▶ **Work task**: Could you restate word for word only the lines below from the one holding "Билайн, салон по" to the one holding "Crée en 2020, la", inclusive, and leave out the pictures?

▶ **Exercise material**:
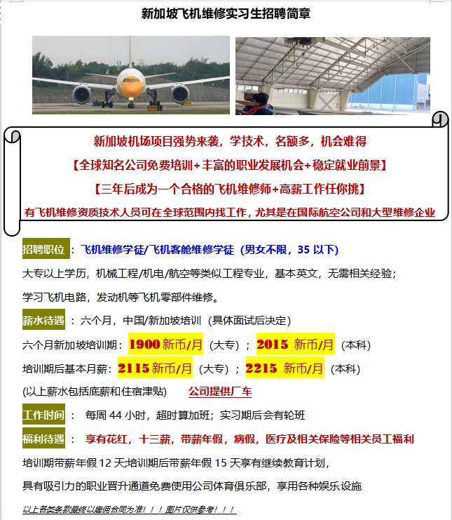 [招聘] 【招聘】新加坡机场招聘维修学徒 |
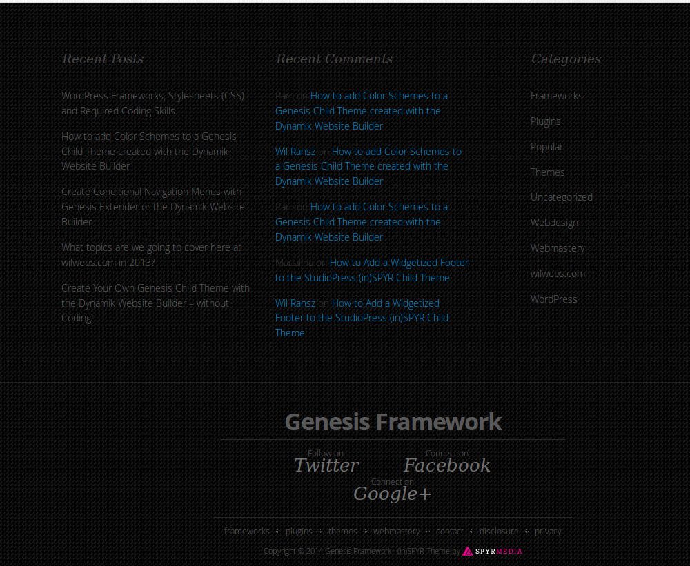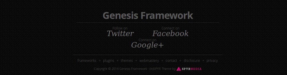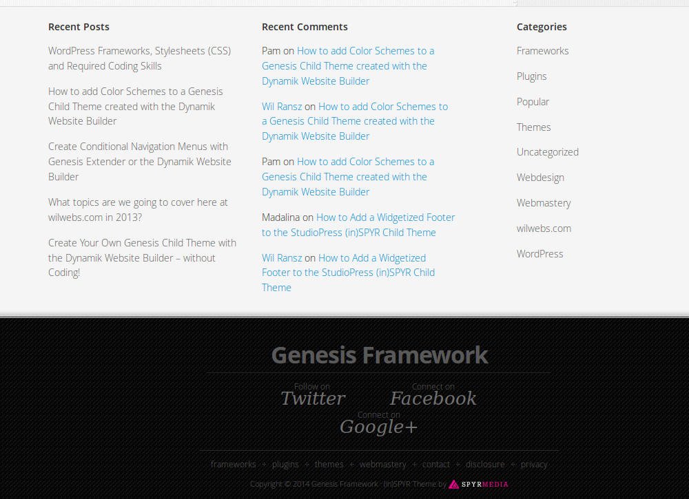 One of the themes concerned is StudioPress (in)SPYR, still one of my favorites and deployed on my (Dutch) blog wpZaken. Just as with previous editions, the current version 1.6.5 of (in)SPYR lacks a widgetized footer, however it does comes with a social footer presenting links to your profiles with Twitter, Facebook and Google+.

* * *

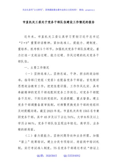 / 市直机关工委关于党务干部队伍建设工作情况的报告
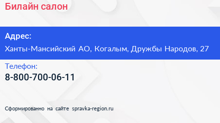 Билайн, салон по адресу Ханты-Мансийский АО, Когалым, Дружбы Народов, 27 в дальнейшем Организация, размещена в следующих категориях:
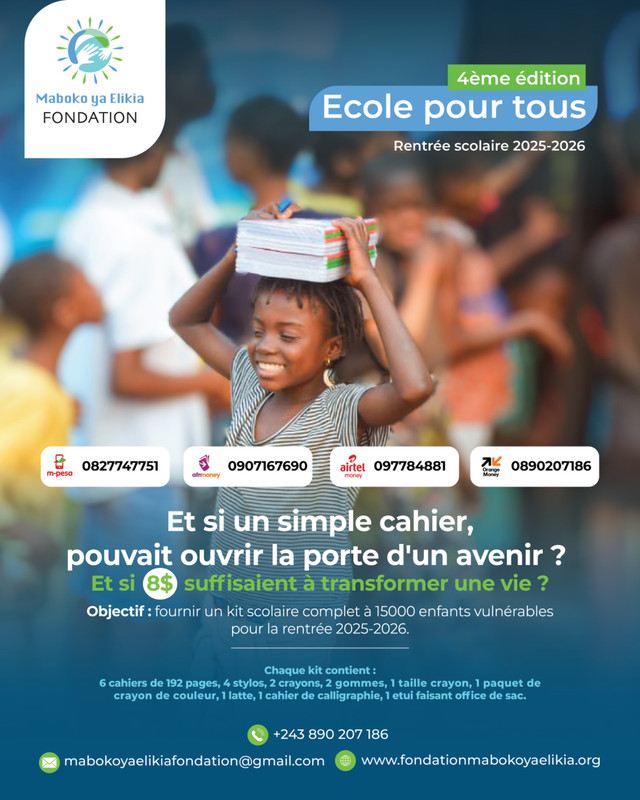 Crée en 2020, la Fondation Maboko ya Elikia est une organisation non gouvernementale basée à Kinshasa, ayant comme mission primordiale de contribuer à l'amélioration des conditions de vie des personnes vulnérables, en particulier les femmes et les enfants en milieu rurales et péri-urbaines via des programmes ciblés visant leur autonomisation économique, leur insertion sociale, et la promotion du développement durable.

▶ **Solution to the exercise**:
 Билайн, салон по адресу Ханты-Мансийский АО, Когалым, Дружбы Народов, 27 в дальнейшем Организация, размещена в следующих категориях:
 Crée en 2020, la Fondation Maboko ya Elikia est une organisation non gouvernementale basée à Kinshasa, ayant comme mission primordiale de contribuer à l'amélioration des conditions de vie des personnes vulnérables, en particulier les femmes et les enfants en milieu rurales et péri-urbaines via des programmes ciblés visant leur autonomisation économique, leur insertion sociale, et la promotion du développement durable.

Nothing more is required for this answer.